## ASSIGNMENT
Retype, with no pictures, each line from the one that holds "A weathered globe floats in a harbor." through the last line of the entries below, both included.

Data items
○ ○ ○ ○

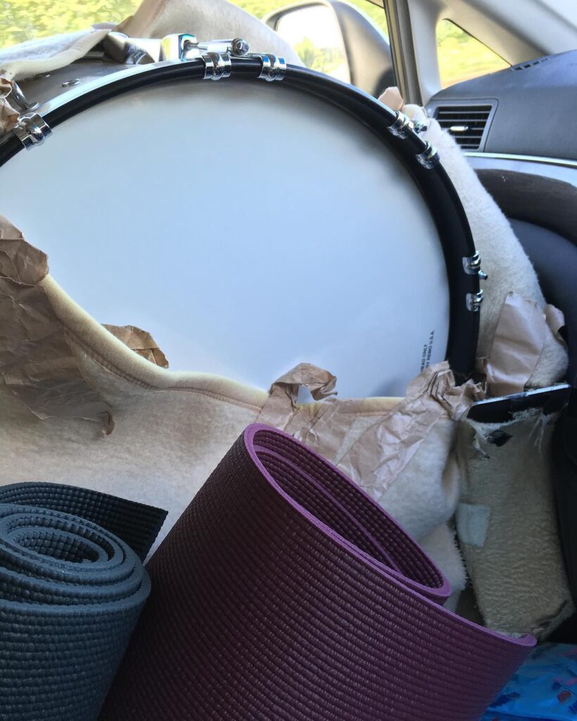 助手席に大太鼓子供たちの熱い夏はまだ終わってない!決戦まであと10日!#吹奏楽マーチングコンクール#運び屋に徹する#この後仕事ですけど
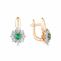 Золотые серьги Алькор 23102-101 c бриллиантом, изумрудом
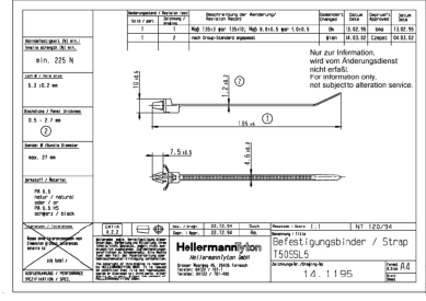 | Solicitud | Precintos con clip de fijación en formato de flecha (arrowhead). Ideales para sujeción y fijación de alambres, cables, caños, mangueras y tubos en láminas. Utilizados en diferentes industrias como automotriz, aeroespacial, electrodoméstica y panel eléctrico. |
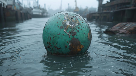A weathered globe floats in a harbor.
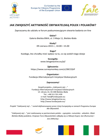 JAK ZWIĘKSZYĆ AKTYWNOŚĆ OBYWATELSKĄ POLEK I POLAKÓW? Zapraszamy do udziału w forum podsumowującym otwarte badania on-line Gdzie? Galeria Bielska BWA, ul. 3 Maja 11, Bielsko-Biała Kiedy? 09 czerwca 2015 r., 10.00—15.00 Kogo? Każdego, kto chciałby mieć wpływ na to, co się wokół niego dzieje Szczegóły: www.letsgetactive.eu/pl/ Zgłoszenia: https://www.surveymonkey.com/s/28CCQVF Organizator: Fundacja Alternatywnych Inicjatyw Edukacyjnych Zapraszamy! Zespół projektu „Uaktywnij się!...” Fundacja Alternatywnych Inicjatyw Edukacyjnych Ul. Ukryta 14, 43-300 Bielsko-Biała Tel.: +48 511 551 439 e-mail: [email protected] http://www.letsgetactive.eu http://www.fundacjaaie.eu/ Projekt "Uaktywnij się!..." został dofinansowane przez Unię Europejską w ramach Programu Europa dla Obywateli. "Uaktywnij się!..." jest realizowany w partnerstwie polsko - cypryjsko- rumuńsko - włoskim. Obok Bielska-Białej podobne, Krajowe Fora Obywatelskie odbędą się w Nikozji (Cypr), Iasi (Rumunia) i Jesi (Włochy).
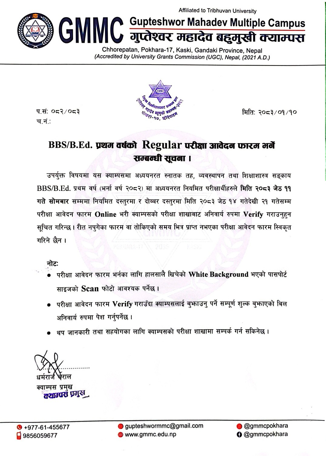 BBS /B.Ed प्रथम वर्षको नियमित परीक्षा आवेदन फारम भर्ने सम्बन्धी सूचना ।

○ ○ ○ ○

## EXERCISE ANSWER
A weathered globe floats in a harbor.
 JAK ZWIĘKSZYĆ AKTYWNOŚĆ OBYWATELSKĄ POLEK I POLAKÓW? Zapraszamy do udziału w forum podsumowującym otwarte badania on-line Gdzie? Galeria Bielska BWA, ul. 3 Maja 11, Bielsko-Biała Kiedy? 09 czerwca 2015 r., 10.00—15.00 Kogo? Każdego, kto chciałby mieć wpływ na to, co się wokół niego dzieje Szczegóły: www.letsgetactive.eu/pl/ Zgłoszenia: https://www.surveymonkey.com/s/28CCQVF Organizator: Fundacja Alternatywnych Inicjatyw Edukacyjnych Zapraszamy! Zespół projektu „Uaktywnij się!...” Fundacja Alternatywnych Inicjatyw Edukacyjnych Ul. Ukryta 14, 43-300 Bielsko-Biała Tel.: +48 511 551 439 e-mail: [email protected] http://www.letsgetactive.eu http://www.fundacjaaie.eu/ Projekt "Uaktywnij się!..." został dofinansowane przez Unię Europejską w ramach Programu Europa dla Obywateli. "Uaktywnij się!..." jest realizowany w partnerstwie polsko - cypryjsko- rumuńsko - włoskim. Obok Bielska-Białej podobne, Krajowe Fora Obywatelskie odbędą się w Nikozji (Cypr), Iasi (Rumunia) i Jesi (Włochy).
 BBS /B.Ed प्रथम वर्षको नियमित परीक्षा आवेदन फारम भर्ने सम्बन्धी सूचना ।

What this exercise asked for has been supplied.